Problem statement ▸
Below are some entries. Repeat exactly the lines from the one with "U-mallinen, tilava takapenkki" through the one with "Сверхяркий популярнейший налобный", and only those.

Exercise data ▸
══════
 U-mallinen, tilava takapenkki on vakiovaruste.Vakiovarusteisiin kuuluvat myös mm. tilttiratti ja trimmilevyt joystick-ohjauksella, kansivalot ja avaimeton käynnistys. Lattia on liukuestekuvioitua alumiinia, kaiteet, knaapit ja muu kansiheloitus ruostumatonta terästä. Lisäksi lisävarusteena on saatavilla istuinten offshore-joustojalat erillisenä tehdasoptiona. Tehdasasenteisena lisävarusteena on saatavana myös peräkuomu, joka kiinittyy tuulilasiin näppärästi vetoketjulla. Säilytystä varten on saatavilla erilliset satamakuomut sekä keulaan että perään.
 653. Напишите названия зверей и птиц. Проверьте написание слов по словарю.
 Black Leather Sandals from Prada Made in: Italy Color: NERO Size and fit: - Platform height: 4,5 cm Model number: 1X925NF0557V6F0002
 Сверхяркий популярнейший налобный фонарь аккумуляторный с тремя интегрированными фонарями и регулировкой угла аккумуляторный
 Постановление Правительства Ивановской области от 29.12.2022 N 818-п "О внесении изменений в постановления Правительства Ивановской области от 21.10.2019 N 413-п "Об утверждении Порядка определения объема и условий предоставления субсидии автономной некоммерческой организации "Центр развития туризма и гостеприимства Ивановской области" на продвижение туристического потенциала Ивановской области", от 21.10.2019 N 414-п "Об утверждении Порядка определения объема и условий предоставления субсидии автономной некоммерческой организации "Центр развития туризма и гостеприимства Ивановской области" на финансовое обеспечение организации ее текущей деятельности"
══════
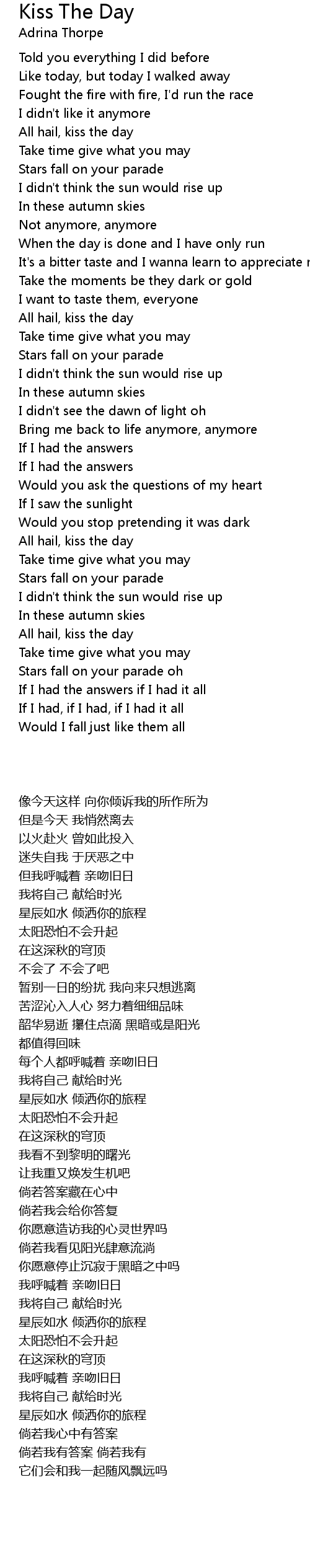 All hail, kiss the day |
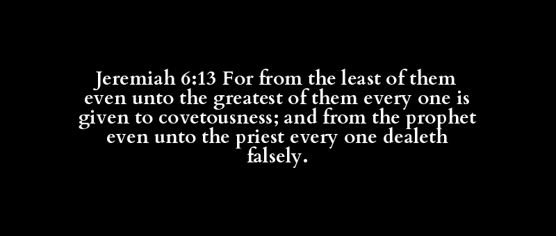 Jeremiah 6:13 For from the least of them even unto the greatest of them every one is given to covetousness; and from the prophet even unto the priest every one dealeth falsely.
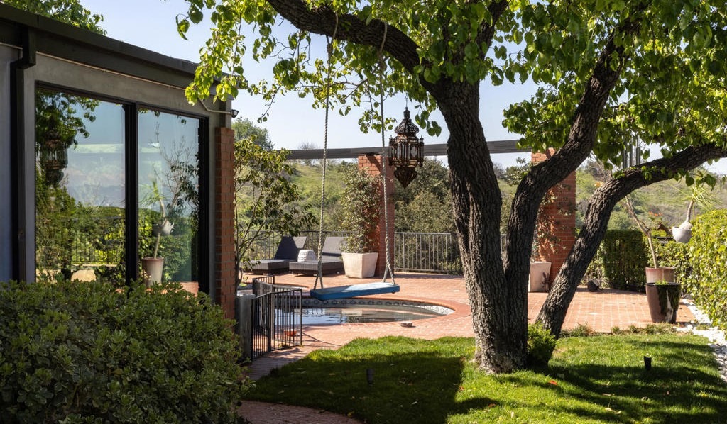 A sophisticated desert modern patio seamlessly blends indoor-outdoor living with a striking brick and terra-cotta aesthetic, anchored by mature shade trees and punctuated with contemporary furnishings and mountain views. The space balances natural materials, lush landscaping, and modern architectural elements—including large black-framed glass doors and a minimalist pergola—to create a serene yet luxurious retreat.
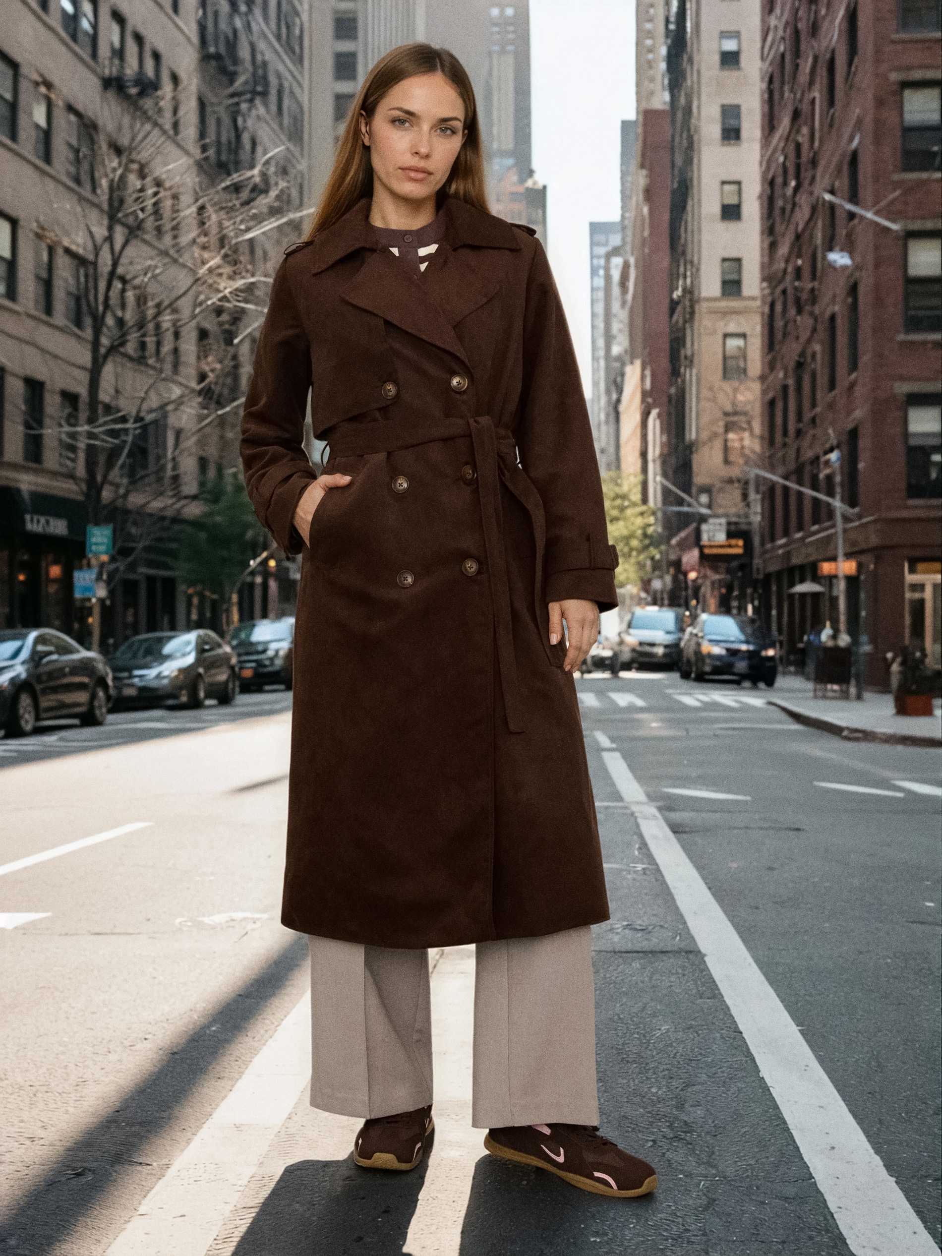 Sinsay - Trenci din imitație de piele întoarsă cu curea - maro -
══════
Answer ▸
 U-mallinen, tilava takapenkki on vakiovaruste.Vakiovarusteisiin kuuluvat myös mm. tilttiratti ja trimmilevyt joystick-ohjauksella, kansivalot ja avaimeton käynnistys. Lattia on liukuestekuvioitua alumiinia, kaiteet, knaapit ja muu kansiheloitus ruostumatonta terästä. Lisäksi lisävarusteena on saatavilla istuinten offshore-joustojalat erillisenä tehdasoptiona. Tehdasasenteisena lisävarusteena on saatavana myös peräkuomu, joka kiinittyy tuulilasiin näppärästi vetoketjulla. Säilytystä varten on saatavilla erilliset satamakuomut sekä keulaan että perään.
 653. Напишите названия зверей и птиц. Проверьте написание слов по словарю.
 Black Leather Sandals from Prada Made in: Italy Color: NERO Size and fit: - Platform height: 4,5 cm Model number: 1X925NF0557V6F0002
 Сверхяркий популярнейший налобный фонарь аккумуляторный с тремя интегрированными фонарями и регулировкой угла аккумуляторный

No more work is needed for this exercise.